Le aziende di primo prezzo, quest’anno decisamente performanti, hanno reti leggerissime, sono i clienti che le cercano, le trovano, e sono poco esigenti. Hai il calibro, hai il tono, cosa pretendi di più?

Su prodotti da 5 euro scarsi non possiamo pretendere quanto si pretende dai 20 Euro in su, fino ai 50-70 del mondo ‘lastre evolute’, per non parlare dei 100 e rotti dei countertops da arredo con spessori 20 30 mm e vene passanti, dove non si può più delegare ai rivenditori territoriali- sebbene col supporto di qualche agente marpione o di qualche baldo giovane architetto che ha preferito fare il promotore girando per studi e cantieri, piuttosto che infoltire la schiera di stagisti malpagati davanti ad un CAD o a tirare righe e fare stampe con i plotter.

Sulla produzione siamo bravissimi, ma le aziende che davvero-non per slogan o per velleità o per finta-hanno la struttura per abbinare alla vendita tradizionale, già questa molto frammentata e dispersa, la vendita relazionale, che richiede tanto, tanto tempo preliminare, ed è alla fine come vendere un impianto, ‘all in’, tutto o niente.

Non esiste ancora, nel mondo della ceramica, una regola aurea né un modello unico di business. Servono competenza progettuale, versatilità e flessibilità produttiva, qualità intrinseca dei prodotti ma anche e soprattutto quanto i servizi post vendita? Non basta certo presidiare i principali portali online di architettura, che iniziano ad essere inflazionati, soprattutto quando diventano con plateale evidenza luoghi di marchette a pagamento.

C’è stato e c’è un modello Porcelanosa, ma è pressochè unico. Diventerà sempre più importante – ma è costoso!!- organizzare giornate di formazione in-house, anche virtuali ovviamente, e presentazione costante dei propri prodotti sia in remoto che ‘on site’ presso studi e cantieri, oltre alla indispensabile e scontata personalizzazione delle ambientazioni e dei rendering di qualità oltre alla distintazione precisa e non spannometrica.

E’ comunque un settore di business molto ambito, fa molto ‘chic’, anche se non è affatto remunerativo a priori perchè la concorrenza è davvero agguerrita – non solo  a parità di prodotto, si compete anche e soprattutto con prodotti alternativi- e la dilatazione/incertezza/aleatorietà dei tempi, che è tipica dei progetti, allunga anche quelle fasi assai delicate che coinvolgono i fornitori specializzati, su cui si fa fatica ad avere il pieno controllo, dalle finiture, al taglio come l’idrogetto, la posa e agli accessori ed ai prodotti complementari, come nel caso di facciate strutturali – non necessariamente ventilate- o pavimenti sopraelevati. Le scalette o le griglie delle piscine sono robetta in confronto.

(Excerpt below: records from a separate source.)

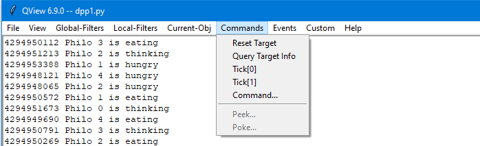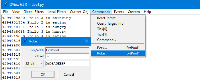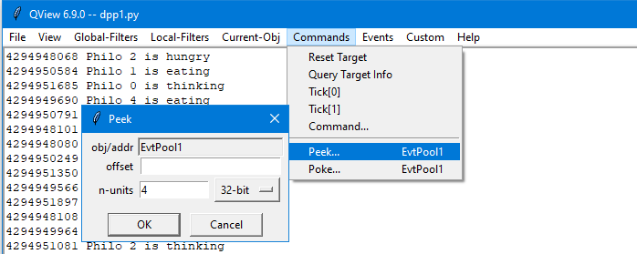 The Target responds with a QS_PEEK_DATA trace record, which you can view in QSPY human-readable output (the packet is also sent to QView, where you can react to it in your customization.)
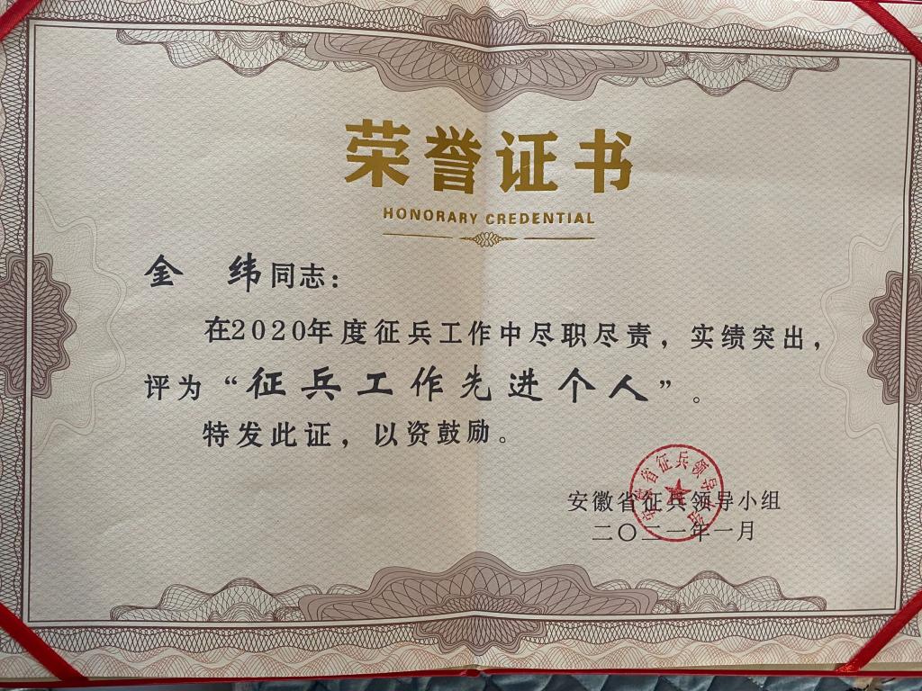 日前,安徽省征兵领导小组对2020年全省征兵工作先进单位和先进个人予以通报表扬,经遴选推荐,伟德官网武装部国防教育(征兵办公室)科长金纬同志荣获全省“征兵工作先进个人”荣誉称号。
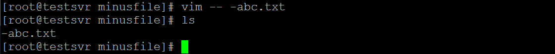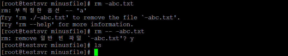 -(마이너스)로 시작하는 파일을 일반파일로 인식하기 위해서는 -(마이너스)로 시작하는 파일 앞에 --(마이너스부호 2개) 를 붙임으로써 해결 할수 있다. 아래 예를 보면서 이해를 해보자

Non a caso tante sconfitte, o tante perdite economiche, sono state dovute ad una cattiva gestione, e quindi, non basta più il product management, serve il project management, quello vero.

Si tratta di ruoli di integrazione, che devono guadagnarsi il supporto delle linee e delle organizzazioni puramente funzionali, con duplicità che possono creare forti conflittualità.

Sono figure ancora rarissime, trasversali, spesso capaci di relazionarsi dentro e fuori l’azienda passando come le salamandre nel fuoco, in ambienti organizzativamente spesso ancora troppo poco evoluti, che le vedono come fancazzisti perché sono sempre in giro e rompipalle, perché chiedono di fare sempre quello che non c’è o che è difficile garantire o mantenere.

Mancano tanti professionisti, le competenze vanno costruite con apprendimento, formazione, passione e pazienza, la riconversione degli agenti e dei funzionari forse è cominciata, in bocca al lupo a loro ed a tutti.